In the below table, \(I\) gives the choice case, \(Alts\) gives the options, \(Chose\) gives the choice, \(X\) is a variable that varies at the alternative level, and \(Y\) is a variable that varies at the case level.

I | Alts | Chose | X | Y |
---|---|---|---|---|

1 | A | 1 | 10 | 3 |

1 | B | 0 | 20 | 3 |

1 | C | 0 | 10.5 | 3 |

2 | A | 0 | 8 | 5 |

2 | B | 1 | 9 | 5 |

3 | C | 0 | 1 | 5 |

This might be referred to as “long” choice data. “Wide” choice data is also common, and looks like:

I | Chose | Y | XA | XB | XC |
---|---|---|---|---|---|

1 | A | 3 | 10 | 20 | 10.5 |

2 | B | 5 | 8 | 9 | 1 |

## Also Consider

- In order to relax the independence of irrelevant alternatives assumption and/or more closely model individual preferences, consider the mixed logit, nested logit or hierarchical Bayes conditional logit models.

# Implementations

## R

We will implement McFadden’s choice model in R using the **mlogit** package, which can accept “wide” or “long” data in the `mlogit.data`

function.

```
library(mlogit)
# Get Car data, in "wide" choice format
data(Car)
# If we look at the data, the choice-specific variables are named
# e.g. "speed1" "speed2" "speed3" and so on.
# So we need our choice variable to be 1, 2, 3 ,to match
# Right now instead it's choice1, choice2, choice3. So we edit.
Car$choice <- substr(Car$choice, 7, 7)
# For this we need to specify the choice variable with choice
# whether it's currently in wide or long format with shape
# the column numbers of the alternative-specific variables with varying.
# We need alt.levels to tell us what our alternatives are (1-6, as seen in choice).
# We also need sep = "" since our wide-format variable names are type1, type2, etc.
# If the variable names were type_1, type_2, etc., we'd need sep = "_".
# If this were long data we'd also want:
# the case identifier with id.var (for individuals) and/or chid.var
# (for multiple choices within individuals)
# And a variable indicating the alternatives with alt.var
# But could skip the alt.levels and sep arguments
mlogit.Car <- mlogit.data(Car,
choice = 'choice',
shape = 'wide',
varying = 5:70,
sep="")
# mlogit.Car is now in "long" format
# Note that if we did start with "long" format we could probably skip the mlogit.data() step.
# Now we can run the regression with mlogit().
# We "regress" the choice on the alternative-specific variables like type, fuel, and price
# Then put a pipe separator |
# and add our case-specific variables like college
model <- mlogit(choice ~ type + fuel + price | college,
data = mlogit.Car)
# Look at the results
summary(model)
```

## Stata

Stata has the McFadden model built in.
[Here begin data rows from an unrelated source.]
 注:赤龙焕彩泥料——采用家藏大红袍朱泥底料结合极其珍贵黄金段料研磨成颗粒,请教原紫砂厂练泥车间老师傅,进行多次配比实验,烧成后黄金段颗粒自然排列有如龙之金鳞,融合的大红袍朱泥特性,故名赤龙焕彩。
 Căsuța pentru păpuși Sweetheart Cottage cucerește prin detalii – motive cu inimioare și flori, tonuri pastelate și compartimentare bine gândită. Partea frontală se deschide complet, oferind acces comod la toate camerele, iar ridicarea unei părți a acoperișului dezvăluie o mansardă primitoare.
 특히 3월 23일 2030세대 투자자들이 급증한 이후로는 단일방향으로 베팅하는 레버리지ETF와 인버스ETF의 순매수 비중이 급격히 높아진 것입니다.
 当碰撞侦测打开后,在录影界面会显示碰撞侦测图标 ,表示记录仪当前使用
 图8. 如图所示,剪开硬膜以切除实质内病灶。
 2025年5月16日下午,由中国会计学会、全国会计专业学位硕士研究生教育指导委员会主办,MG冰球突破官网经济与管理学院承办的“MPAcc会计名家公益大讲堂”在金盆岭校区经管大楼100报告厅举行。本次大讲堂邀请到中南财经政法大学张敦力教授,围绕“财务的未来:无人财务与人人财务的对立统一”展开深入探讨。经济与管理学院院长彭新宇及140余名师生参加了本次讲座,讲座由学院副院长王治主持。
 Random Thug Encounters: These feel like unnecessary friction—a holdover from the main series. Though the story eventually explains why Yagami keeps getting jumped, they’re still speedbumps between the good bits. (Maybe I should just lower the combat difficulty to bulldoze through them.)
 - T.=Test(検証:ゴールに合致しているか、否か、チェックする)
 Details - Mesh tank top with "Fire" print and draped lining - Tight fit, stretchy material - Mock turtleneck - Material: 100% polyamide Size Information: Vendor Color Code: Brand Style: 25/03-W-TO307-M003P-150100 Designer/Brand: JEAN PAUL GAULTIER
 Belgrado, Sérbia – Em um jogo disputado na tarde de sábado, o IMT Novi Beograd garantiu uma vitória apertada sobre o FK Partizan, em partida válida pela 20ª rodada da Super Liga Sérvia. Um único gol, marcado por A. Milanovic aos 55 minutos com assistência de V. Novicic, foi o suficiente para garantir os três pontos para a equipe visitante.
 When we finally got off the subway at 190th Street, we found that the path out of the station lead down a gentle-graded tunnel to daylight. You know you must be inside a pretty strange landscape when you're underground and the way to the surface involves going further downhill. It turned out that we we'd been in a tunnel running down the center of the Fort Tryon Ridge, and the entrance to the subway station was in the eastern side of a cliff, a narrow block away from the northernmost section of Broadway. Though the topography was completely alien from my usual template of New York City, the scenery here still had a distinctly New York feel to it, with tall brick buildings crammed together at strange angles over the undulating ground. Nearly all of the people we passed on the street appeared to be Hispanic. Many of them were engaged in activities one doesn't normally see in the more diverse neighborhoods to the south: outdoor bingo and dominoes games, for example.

We will estimate the model using the older `asclogit`

command as well as the `cmclogit`

command that comes with Stata 16. These commands require “long” choice data, as described in the Keep in Mind section.

```
* Load in car choice data
webuse carchoice
* To use asclogit, we "regress" our choice variable (purchase)
* on any alternative-specific variables (dealers)
* then we put our case ID variable consumerid in case()
* and our variable specifying alternatives, car, in alternatives()
* then finally we put any case-specific variables like gender and income, in casevars()
asclogit purchase dealers, case(consumerid) alternatives(car) casevars(gender income)
* To use cmclogit, we first declare our data to be choice data with cmset
* specifying our case ID variable and then the set of alternatives
cmset consumerid car
* Now that Stata knows the structure, we can omit those parts from the asclogit
* specification, but the rest stays the same!
cmclogit purchase dealers, casevars(gender income)
```

Why bother with the `cmclogit`

version? `cmset`

gives you a lot more information about your data, and makes it easy to transition between different choice model types, including those incorporating panel data (each person makes multiple choices).